To the Board of Directors and Stockholders of Genzyme Corporation:

        In our opinion, the accompanying combined balance sheets and the related combined statements of operations and of cash flows present fairly, in all material respects, the financial position of Genzyme General (as described in Note A) at December 31, 2001 and 2000, and the results of its operations and its cash flows for each of the three years in the period ended December 31, 2001 in conformity with accounting principles generally accepted in the United States of America. These financial statements are the responsibility of the Company's management; our responsibility is to express an opinion on these financial statements based on our audits.
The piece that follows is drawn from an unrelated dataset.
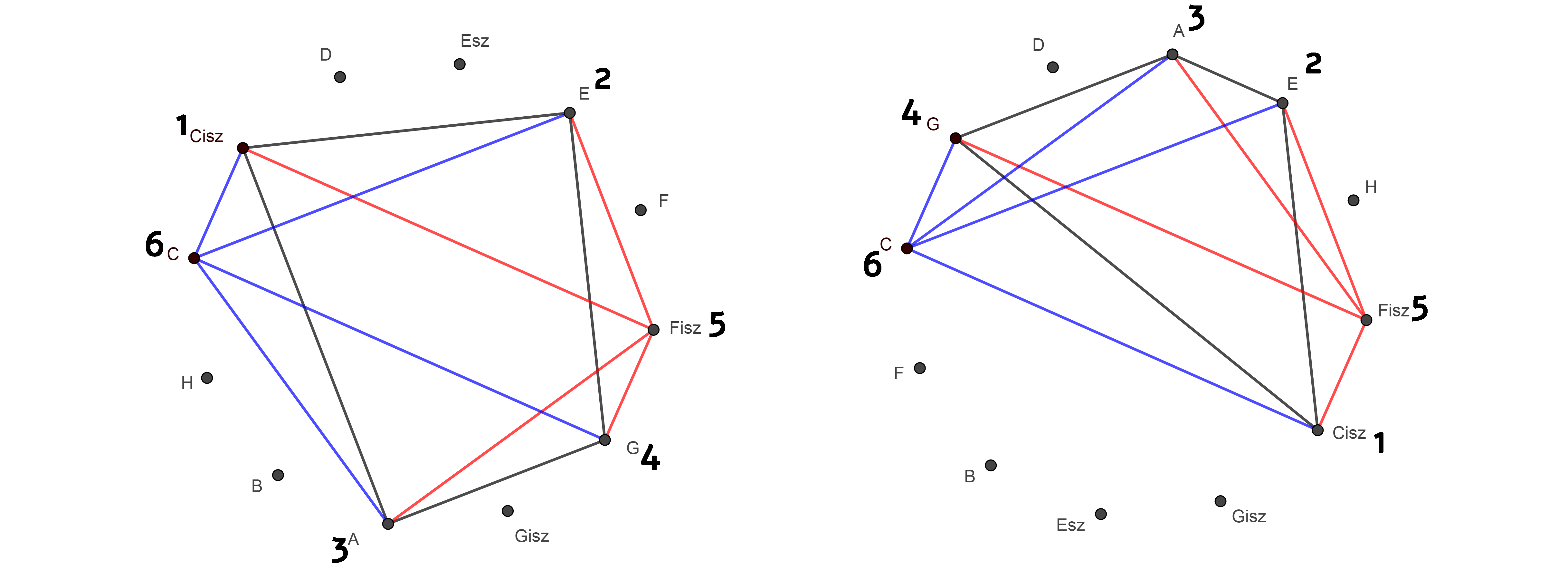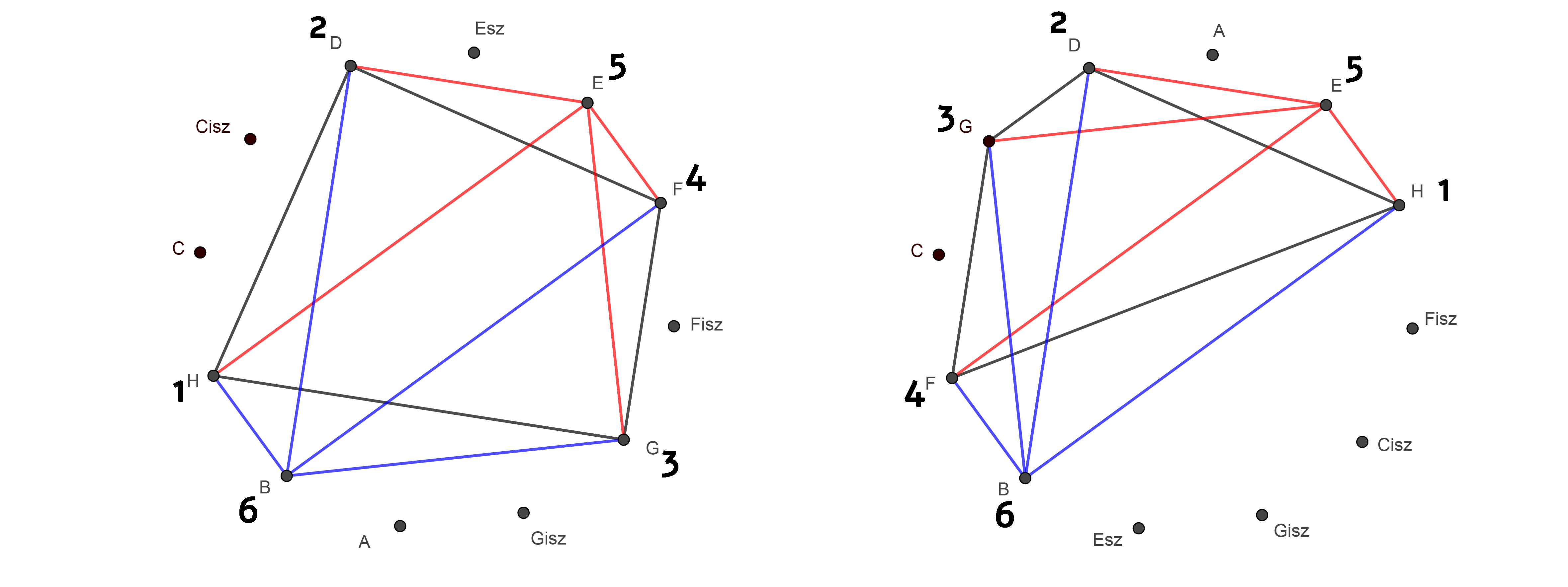 Az első ábrán csodálatosan felismerhető az oktaéder alakja. A Hangok mellett szerepel a lépések száma, pontosan úgy, ahogyan a kottában követik egymást a Hangjegyek. A kékkel és pirossal jelölt vonalak az oktaéder két csúcspontjából kiinduló kapcsolatok a többi Forráshelyhez, a kék, a C Hang a hatodik, a piros, a Fisz Hang pedig az ötödik Forráshely. Ha figyelmesen végigvezetjük a lépéseket, itt is megtalálható az oldallépés, és az átlóugrás. Milyen véletlen.

We conducted our audits of these statements in accordance with auditing standards generally accepted in the United States of America, which require that we plan and perform the audit to obtain reasonable assurance about whether the financial statements are free of material misstatement. An audit includes examining, on a test basis, evidence supporting the amounts and disclosures in the financial statements, assessing the accounting principles used and significant estimates made by management, and evaluating the overall financial statement presentation. We believe that our audits provide a reasonable basis for our opinion.

        As more fully described in Note A to these financial statements, Genzyme General is a division of Genzyme Corporation; accordingly, the combined financial statements of Genzyme General should be read in conjunction with the audited consolidated financial statements of Genzyme Corporation and Subsidiaries.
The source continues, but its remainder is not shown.